*Supplied data*.
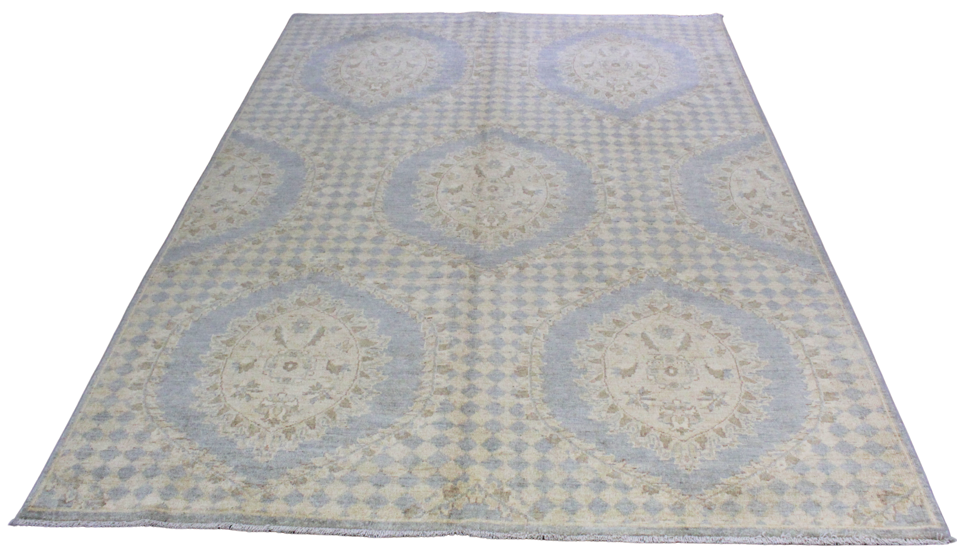 Soft Geometry — Contemporary Oushak Rug from Pakistan (5.11 × 8.10 ft)
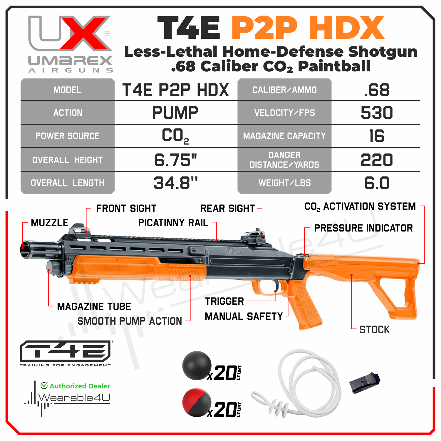 Umarex T4E by P2P HDX Less-Lethal Home Defense Shotgun .68 Caliber CO2 Training Paintball Shotgun BLK/Orange (2292306) Specifications:
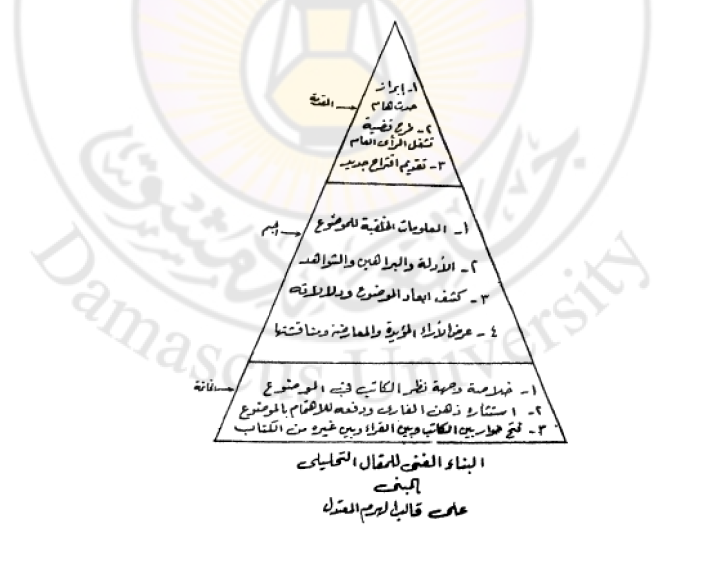 8 - ويوضح الشكل التالي طريقة كتابة المقال التحليلي المبني على قالب الهرم المعتدل:
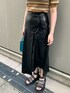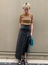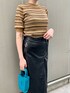 シアー素材のボーダーニットはコンパクトなシルエットなので、Aラインのスカートに合わせ たコーディネート。ブルーのバッグをワンポイントに。
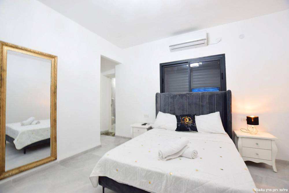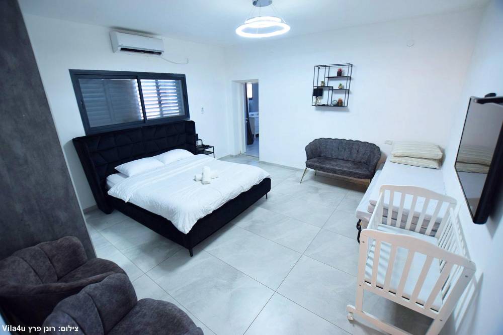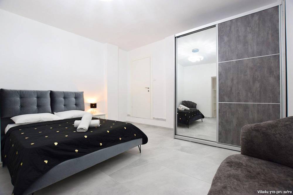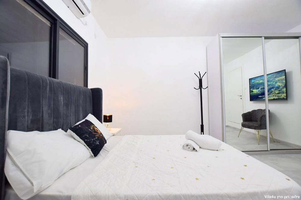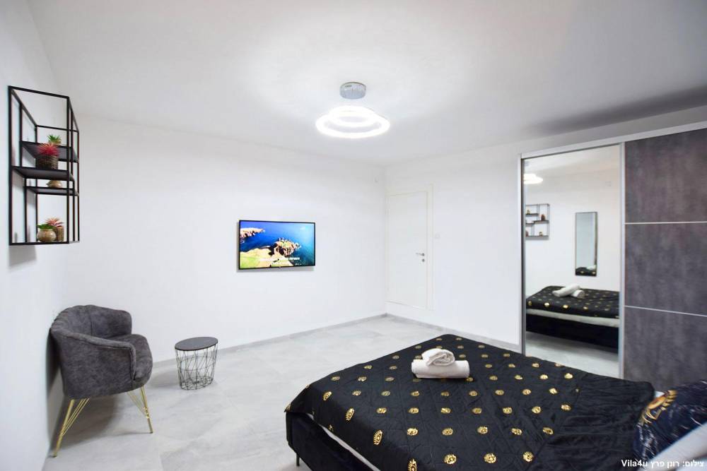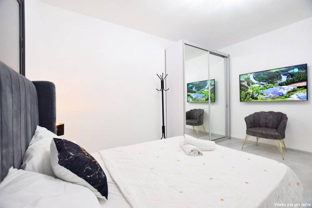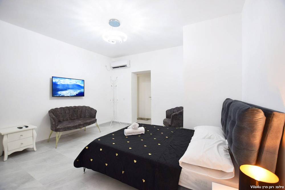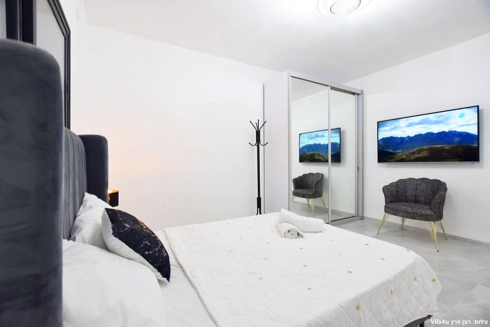 מיטה זוגית, שידה, מסך צפייה, מיזוג אוויר, מנורת לילה ארון בגדים, פינת ישיבה

*What the task requires*. Keeping pictures out, repeat exactly the lines from the one containing "8 - ويوضح الشكل" through the end of the listing.

*Completed exercise*.
 8 - ويوضح الشكل التالي طريقة كتابة المقال التحليلي المبني على قالب الهرم المعتدل:
 シアー素材のボーダーニットはコンパクトなシルエットなので、Aラインのスカートに合わせ たコーディネート。ブルーのバッグをワンポイントに。
 מיטה זוגית, שידה, מסך צפייה, מיזוג אוויר, מנורת לילה ארון בגדים, פינת ישיבה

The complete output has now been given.